TASK ITEM:
Beginning with the line that contains "2025年10月14日,在黑", retype the entries below exactly, ending with the line that contains "Хгч удваивает я". Leave out any pictures.

RECORDED DATA:
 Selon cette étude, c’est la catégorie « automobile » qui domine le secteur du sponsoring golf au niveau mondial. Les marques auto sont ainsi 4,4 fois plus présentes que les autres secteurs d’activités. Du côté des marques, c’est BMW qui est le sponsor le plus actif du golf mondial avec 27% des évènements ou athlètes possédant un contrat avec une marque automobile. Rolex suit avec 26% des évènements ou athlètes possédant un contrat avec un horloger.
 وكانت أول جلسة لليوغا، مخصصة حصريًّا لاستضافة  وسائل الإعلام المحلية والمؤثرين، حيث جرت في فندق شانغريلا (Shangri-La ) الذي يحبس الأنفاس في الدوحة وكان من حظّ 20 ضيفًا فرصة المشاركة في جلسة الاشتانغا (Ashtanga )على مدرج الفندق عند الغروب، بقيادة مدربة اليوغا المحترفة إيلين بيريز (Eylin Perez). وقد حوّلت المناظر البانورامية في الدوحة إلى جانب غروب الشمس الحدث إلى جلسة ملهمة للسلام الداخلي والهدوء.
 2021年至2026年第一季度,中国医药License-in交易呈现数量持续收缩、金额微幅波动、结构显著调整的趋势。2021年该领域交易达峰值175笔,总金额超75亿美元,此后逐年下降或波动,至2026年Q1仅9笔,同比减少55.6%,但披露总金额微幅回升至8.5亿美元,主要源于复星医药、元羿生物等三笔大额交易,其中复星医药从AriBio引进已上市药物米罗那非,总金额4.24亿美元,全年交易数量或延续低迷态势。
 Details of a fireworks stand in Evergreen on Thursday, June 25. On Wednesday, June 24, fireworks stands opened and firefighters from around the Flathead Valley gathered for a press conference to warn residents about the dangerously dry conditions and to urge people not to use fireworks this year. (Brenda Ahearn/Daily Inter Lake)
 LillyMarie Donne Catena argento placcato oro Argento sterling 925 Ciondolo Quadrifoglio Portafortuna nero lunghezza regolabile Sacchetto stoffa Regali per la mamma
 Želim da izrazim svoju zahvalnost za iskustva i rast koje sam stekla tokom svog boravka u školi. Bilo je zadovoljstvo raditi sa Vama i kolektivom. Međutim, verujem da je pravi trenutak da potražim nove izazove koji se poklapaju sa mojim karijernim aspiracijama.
--
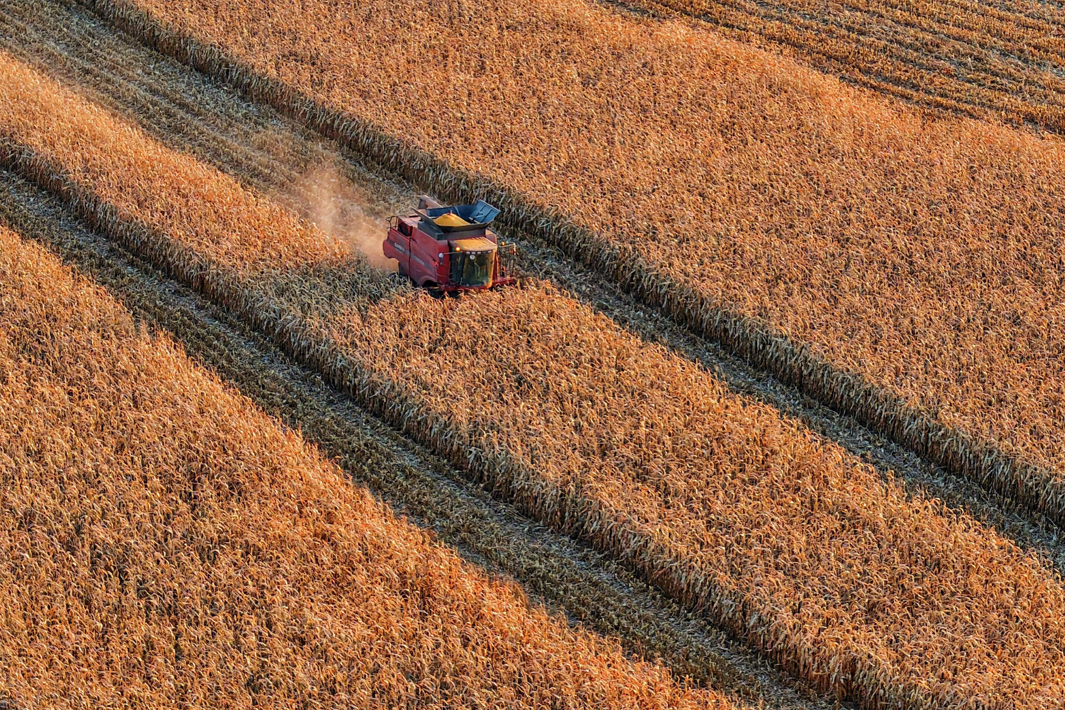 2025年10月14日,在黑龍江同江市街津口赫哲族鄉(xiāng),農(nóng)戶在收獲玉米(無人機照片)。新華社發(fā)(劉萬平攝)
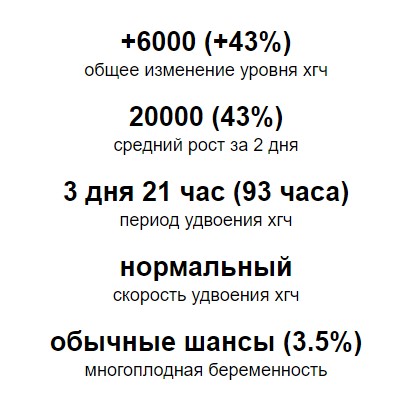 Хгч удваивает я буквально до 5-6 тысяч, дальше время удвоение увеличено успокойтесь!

OUTPUT OF THE EXERCISE:
 2025年10月14日,在黑龍江同江市街津口赫哲族鄉(xiāng),農(nóng)戶在收獲玉米(無人機照片)。新華社發(fā)(劉萬平攝)
 Хгч удваивает я буквально до 5-6 тысяч, дальше время удвоение увеличено успокойтесь!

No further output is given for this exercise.